# Small nut driver needed



## Gary Armitstead (Jan 2, 2008)

Hi All, 

I recently purchased an Accucraft C19 sparkie. I'm trying to find a 2 mm. nut driver to fasten the whistle arm to the whistle. I've looked everywhere and can't find one. Any suggestions from those who have these engines?


----------



## jimtyp (Jan 2, 2008)

McMaster-Carr 

part #52965A24


----------



## Gary Armitstead (Jan 2, 2008)

jimtyp 

I checked with McMaster-Carr online and found the number you gave me. The nut checks 2.06 mm. or .081". I think I'll order both the 2mm. and the 3/32 drivers. Hope either one will work. I don't want to "round-over" the hex head! THX for your help.


----------



## jimtyp (Jan 2, 2008)

Glad to help. Hope it works. Let us know. 

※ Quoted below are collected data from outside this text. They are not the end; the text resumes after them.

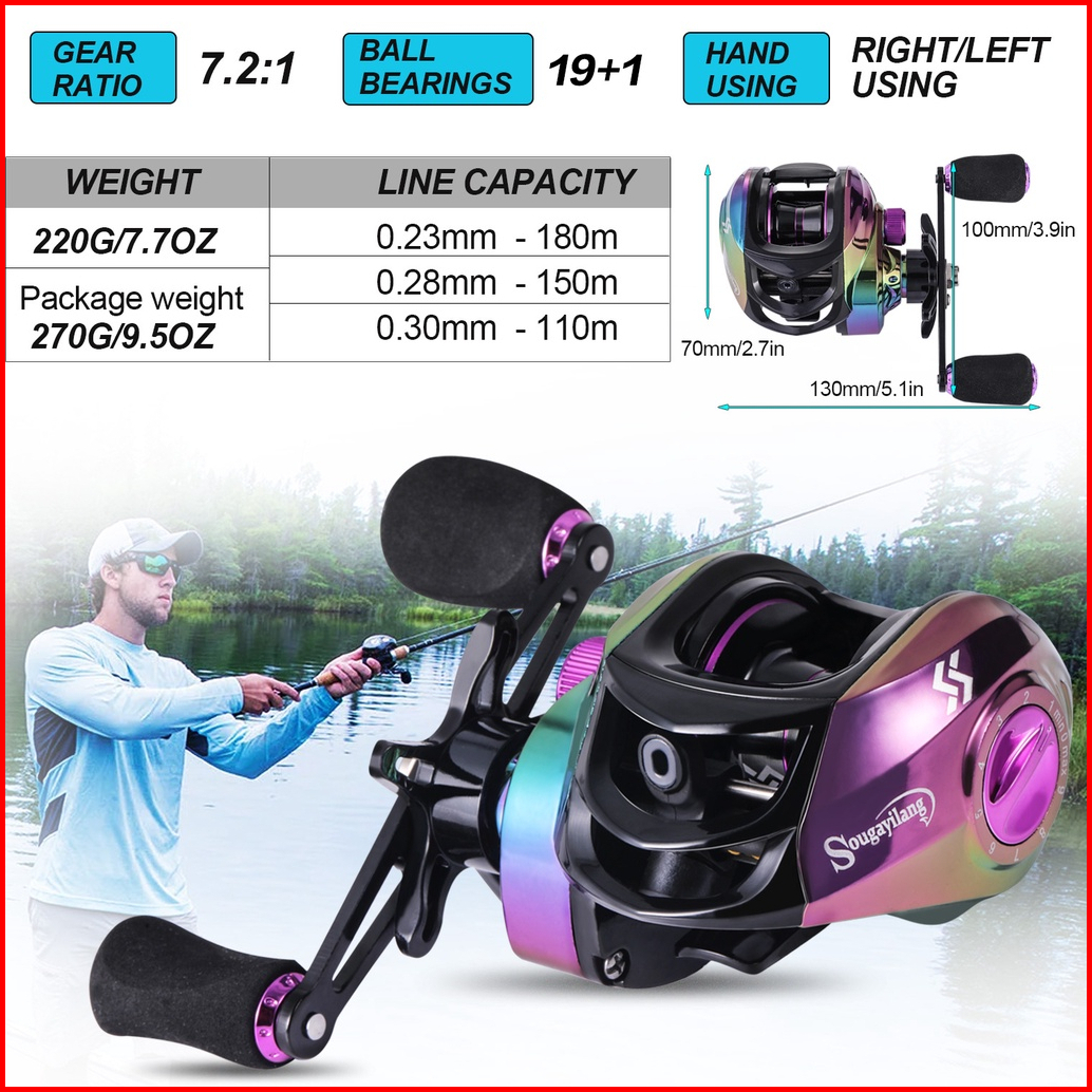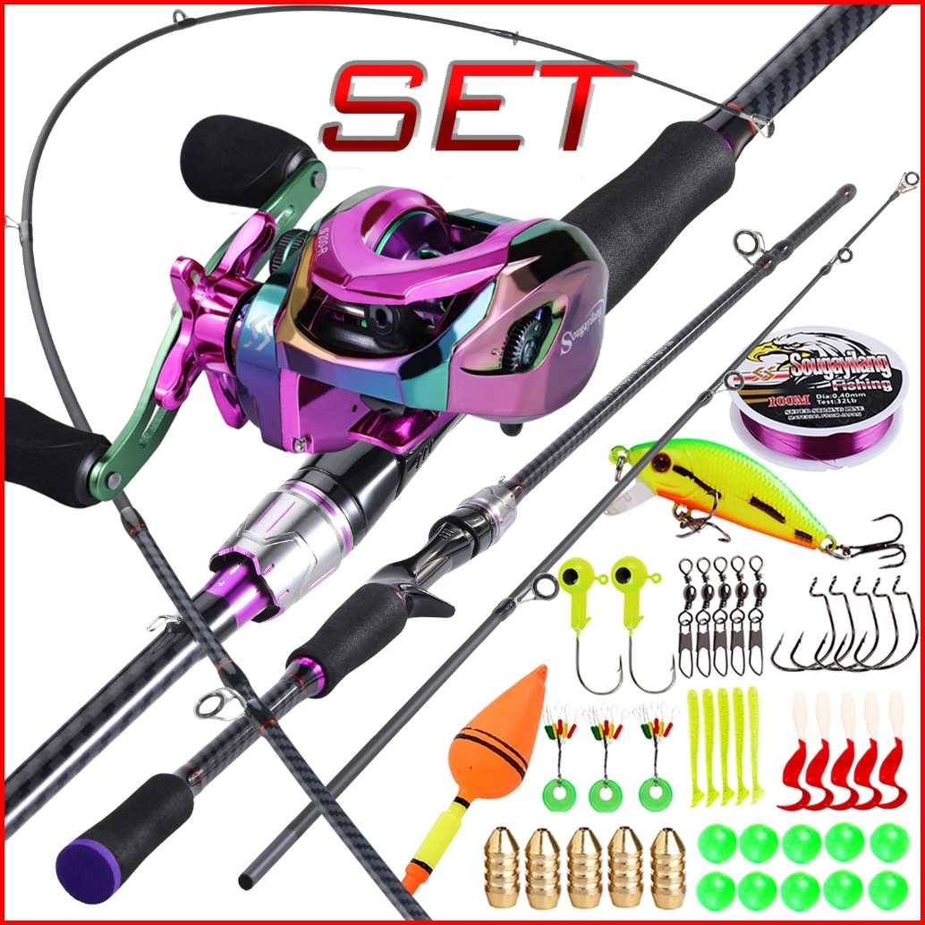 Joran Dan Reel 1.8m 2.1m 2 Bagian Casting Fishing Rod Dan 18 1 Bb 7.2 1 Rasio Gear Rem Magnetik Baitcasting Reel Memanci
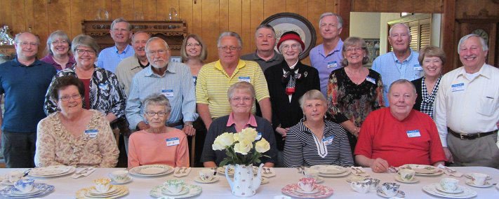 A beautiful spring day greeted 21 attendees at the California regional meeting, held Saturday, April 6. Everyone gathered in the morning for coffee and homemade coffee cake and muffins at the home of Mimi and Ed. Sales were brisk at the sales tables, burgeoning with Shelley. Mimi and Ed's collections were lovely to behold, and guests were enchanted with the photos of their large and beautiful family, 32 grandchildren and counting. Of particular note was the table Mimi set with five-piece place settings of no less than 16 different Shelley patterns, representing the many dinner sets owned by Mimi and Ed and their offspring. They are long -time Shelley collectors, and their cabinets hold many rare and interesting pieces of Shelley.
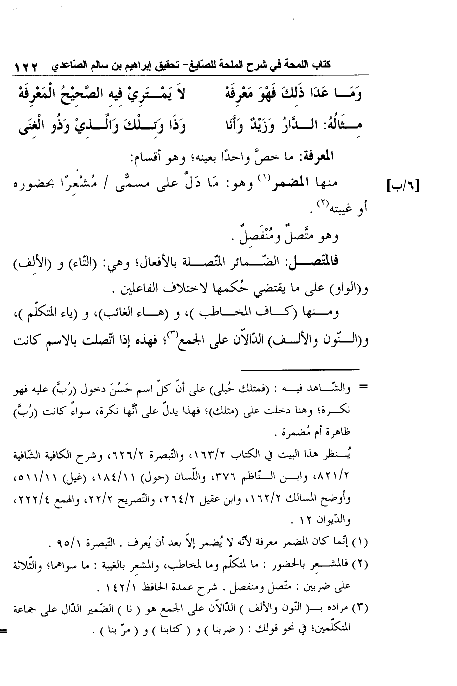 2 فالمشعِر بالحضور: ما لمتكلّم وما لمخاطب، والمشعِر بالغيبة: ما سواهما؛ والثّلاثة على ضربين: متّصل ومنفصل. شرح عمدة الحافظ 1/142.
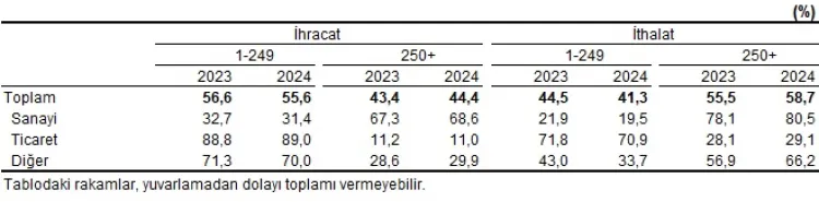Verilere göre, 179 bin 673 girişim ihracat, 318 bin 603 girişim ithalat yaptı. Eşleştirmede girişimlerin yüzde 100'üne ulaşıldı; ithalattaki girişim artışı, Basitleştirilmiş Gümrük Beyannamesi sisteminden kaynaklandı.Girişim Ölçeklerine Göre Dağılım İhracat: Mikro (1-9 çalışan) girişimler yüzde 75,6'sını oluşturup yüzde 18,8 pay aldı. Küçük (10-49) yüzde 17,5, orta (50-249) yüzde 19,2, büyük (250+) yüzde 44,4 paya sahip.
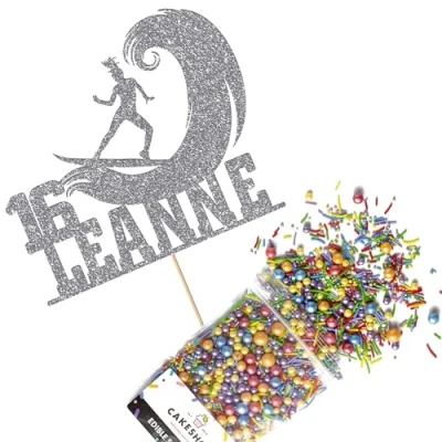 Cakeshop Cake Decoration Pack Surfer Surfing Theme Premium Double Sided Glitter Card Topper & 25g Party of Sugar Sprinkles Custom Name Age Decorations (Dark Silver)
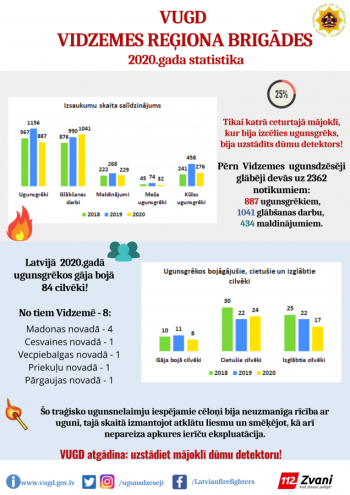 Valsts ugunsdzēsības un glābšanas dienesta (turpmāk – VUGD) apkopotā statistika liecina, ka 2020. gadā Vidzemes reģionā nedaudz samazinājies kopējais izsaukumu skaits (tajā skaitā arī uz ugunsgrēku dzēšanu), kā arī mazinājies ugunsgrēkos bojāgājušo skaits, taču pieaudzis izsaukumu skaits uz glābšanas darbiem.
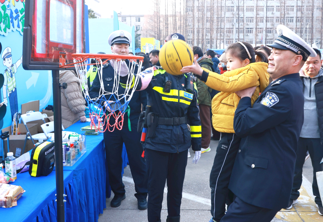 家住汉西路的李女士,一早就带着全家人来到活动现场。看了汉警快骑的车技表演,又跟交警姐姐合影,孩子们高兴得又蹦又跳,但是在投篮游戏面前却遇到“难题”。由于个子矮,力气小,还不满6岁的孩子几次都没投进,急的泪水在眼眶里打转。交警叔叔跑过来跟她耳语一番,小姑娘立刻破涕为笑,大喊一声“起飞啰”,立刻就被叔叔抱起来,把球送进篮筐,赢得了心仪的奖品,现场顿时响起了一片掌声和笑声。
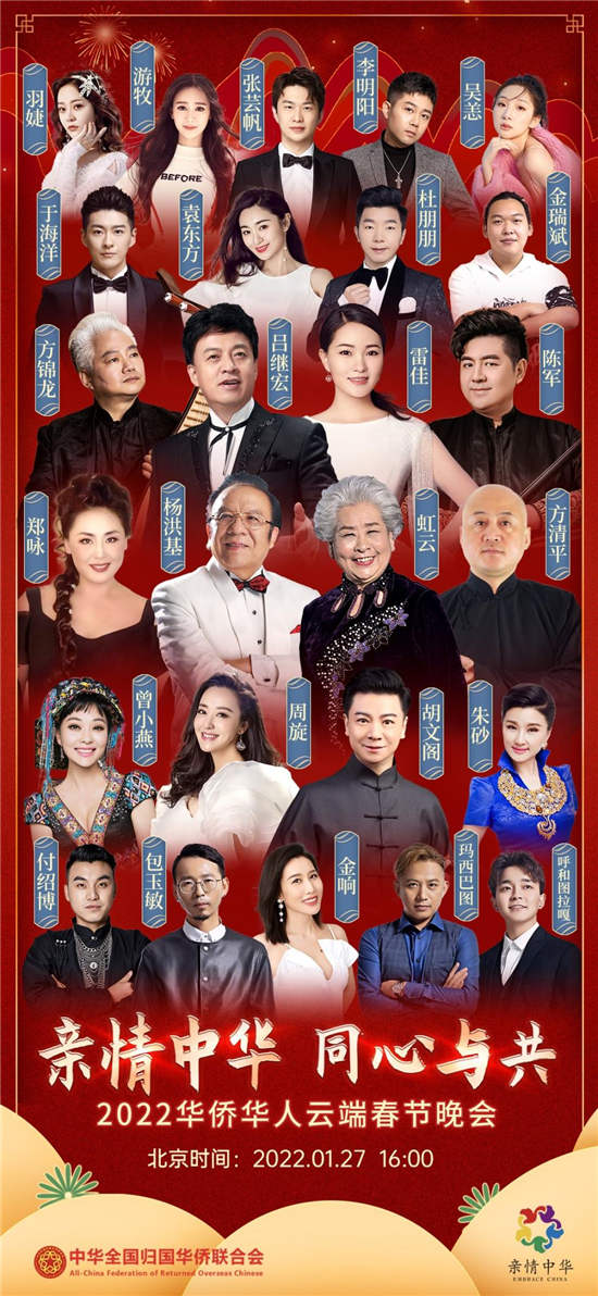 “親情中華·同心與共”2022華僑華人云端春節晚會將于北京時間2022年1月27日16:00盛大開啟!屆時將在學習強國、央視頻、中國網、愛奇藝國際版、騰訊視頻、華人頭條等20余家平臺同步直播!
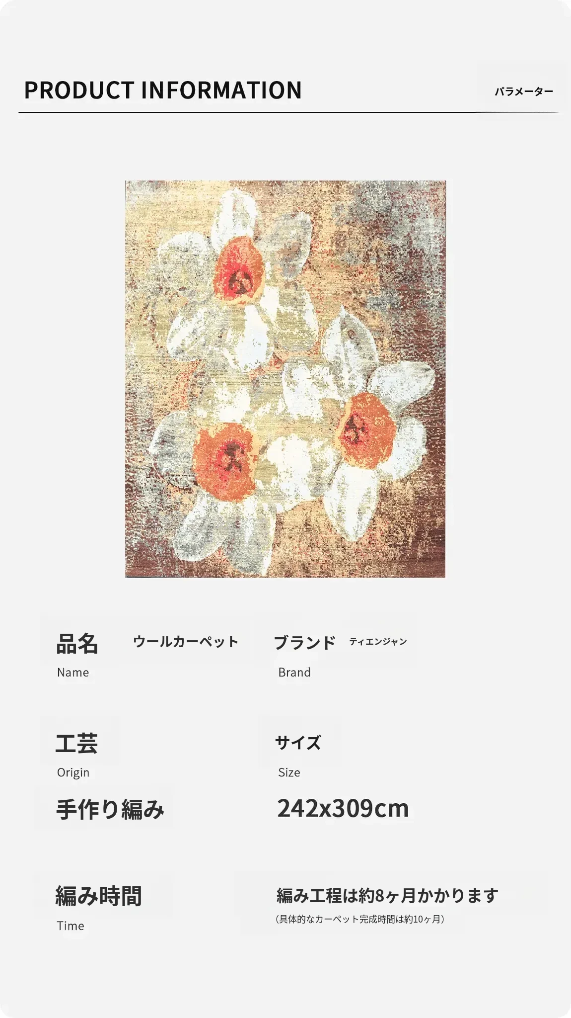 天匠輸入手作ウールカーペット 商用会議室用 高級感漂う多用途デザイン 242x309cm
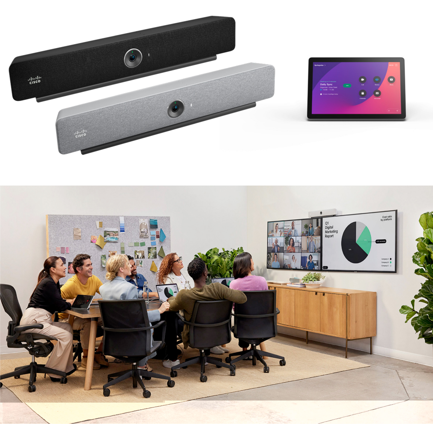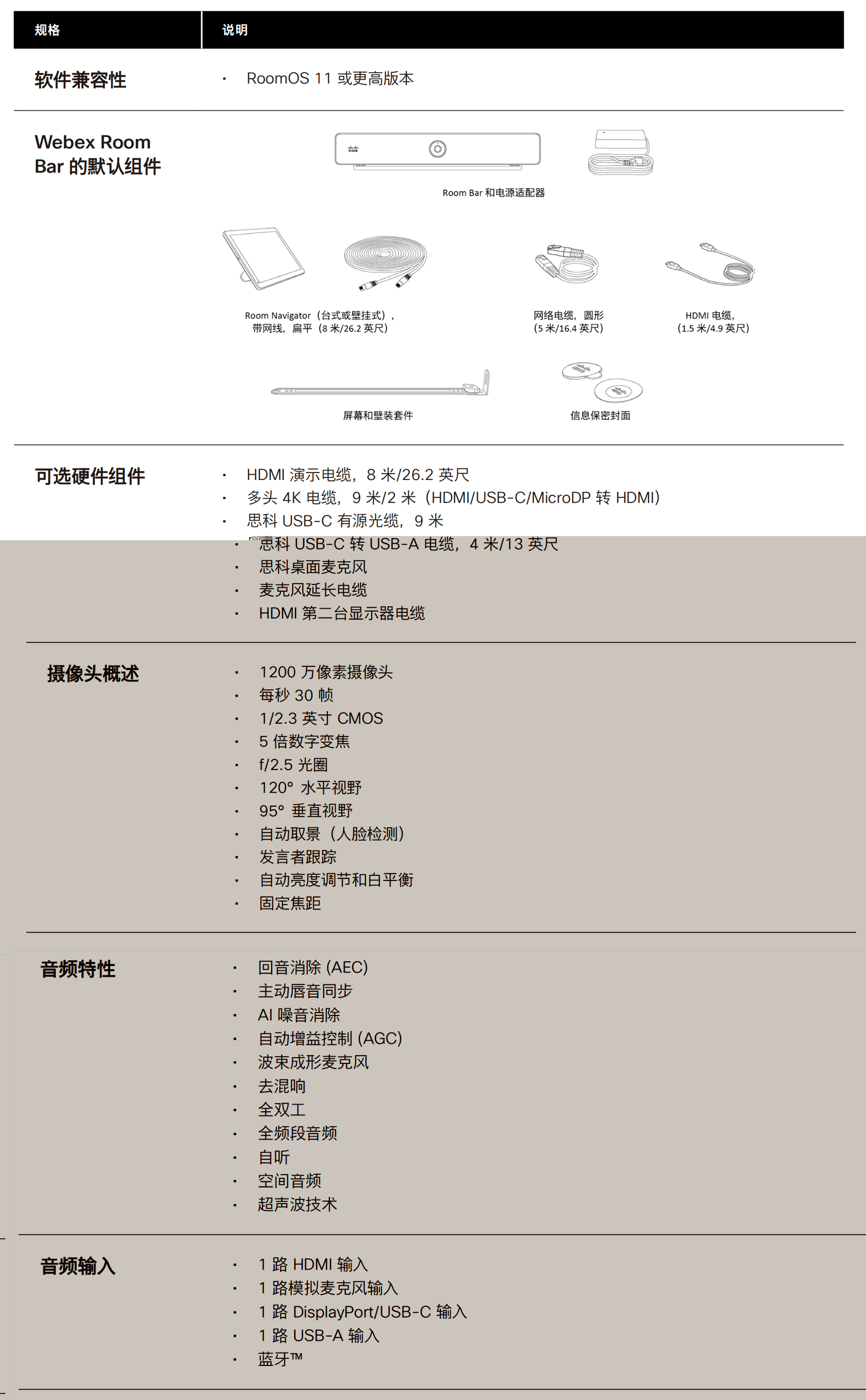 思科Room Bar是现代办公的紧凑型视频协作设备,为中小型会议室、专注室等提供一体化智能视频会议体验。是一款易于使用、功能丰富且高度灵活的设备,提供沉浸式会议和协作体验,以及统一设备管理、简化的部署和顺畅无阻的采用。集高清视频、沉浸式音频、智能会议控制于一体,支持Webex等多平台。有高清摄像头与消噪麦克风,音视频沉浸感佳;可跨平台入会;借AI优化摄录和音频;支持云端、本地、混合部署,满足企业多元需求。

How did you find out that the 2mm checks 2.06mm?


----------



## Gary Armitstead (Jan 2, 2008)

Actually I checked the head on the screw with digital calipers and this screw (from Accucraft) checked at 2.06 mm. or .081". This screw sounds like an oddball to me. 
I was a tool and die maker before I retired. These sizes are off-the-wall as far as I can tell. It would be nice if the manufacturer in China would get some standards! I see now why a nut driver was NOT included with the engine.


----------



## Mike Reilley (Jan 2, 2008)

Gary...while you at it...order the 1.6mm nut driver. If you have Accucraft stuff, you'll find you'll need it eventually. AND...if you search the archives, you'll find more on this Accucraft nut driver issue and how folks solved it. This has come up many times.


----------



## Gary Armitstead (Jan 2, 2008)

Thanks Mike. I'll check it out.


----------



## livesteam5629 (Jan 2, 2008)

Gary, 
You are right about the Chinese stuff being off the wall. Try mixing and matching European (German) Metrics with Chinese Metrics..it don't work! Some one this forum once said metrics are metrics..not so as far as the stuff coming from China. Anyhow I run down to my local hardware store and find some socket head bolts (metric) for the hexhead bolt I am trying to drive. The sockets come in all sizes. So far this has worked for me. 
Noel


----------



## Ironton (Jan 2, 2008)

The 2 mm might check to 2.06 due to paint. Accucraft sometimes puts a very heavy coat of paint on its bolts and nuts.


----------



## Gary Armitstead (Jan 2, 2008)

Rich, 

Good point on the paint issue. I never thought about that!


----------



## Paul Norton (Jan 8, 2008)

Allen Head Bolts make inexpensive drivers for small nuts like those used to install Kadee couplers. I shrink-wrap the threads for comfort. For tough to remove nuts, the bolt can be placed in a reversible drill.


----------